* **Task objective**
A verbatim reproduction of the lines below, from the line containing "Maplecrest Eva 7010" through the line containing "This daughter of", both ends included, is the whole required output.

* **Data excerpts**
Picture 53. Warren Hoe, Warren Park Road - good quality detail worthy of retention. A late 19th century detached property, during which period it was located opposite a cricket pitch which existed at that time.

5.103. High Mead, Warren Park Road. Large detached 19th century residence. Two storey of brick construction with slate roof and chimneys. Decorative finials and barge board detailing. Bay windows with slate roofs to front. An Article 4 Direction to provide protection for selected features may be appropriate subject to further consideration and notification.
==
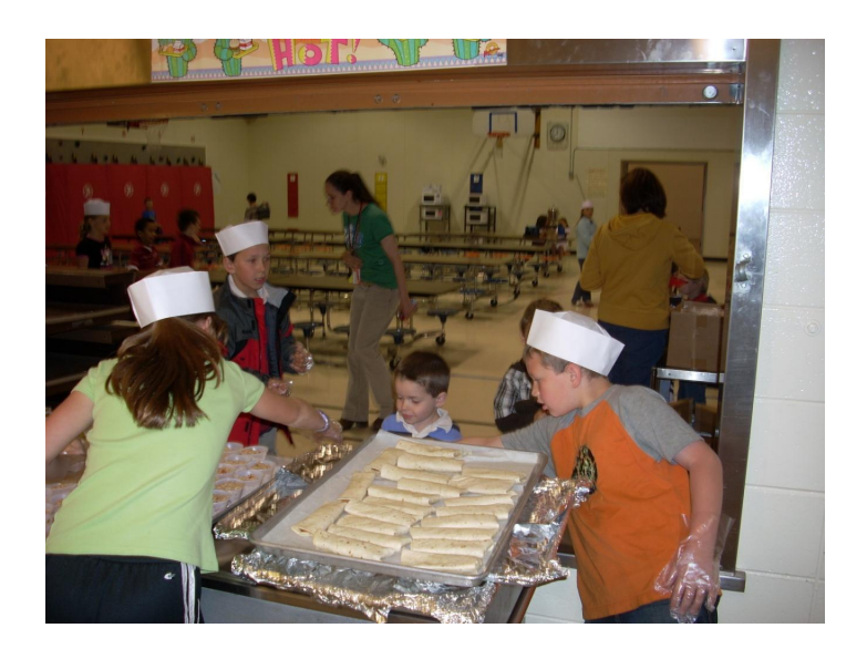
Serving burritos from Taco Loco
...
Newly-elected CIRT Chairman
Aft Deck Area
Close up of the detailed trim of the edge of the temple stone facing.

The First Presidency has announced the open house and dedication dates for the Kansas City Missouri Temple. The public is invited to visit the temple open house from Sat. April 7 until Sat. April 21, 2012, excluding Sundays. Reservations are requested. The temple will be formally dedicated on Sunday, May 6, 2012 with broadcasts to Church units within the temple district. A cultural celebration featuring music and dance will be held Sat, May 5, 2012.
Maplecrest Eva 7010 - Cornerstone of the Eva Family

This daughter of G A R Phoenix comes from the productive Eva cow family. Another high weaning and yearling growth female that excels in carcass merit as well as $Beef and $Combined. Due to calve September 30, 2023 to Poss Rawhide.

* **Result**
Maplecrest Eva 7010 - Cornerstone of the Eva Family

This daughter of G A R Phoenix comes from the productive Eva cow family. Another high weaning and yearling growth female that excels in carcass merit as well as $Beef and $Combined. Due to calve September 30, 2023 to Poss Rawhide.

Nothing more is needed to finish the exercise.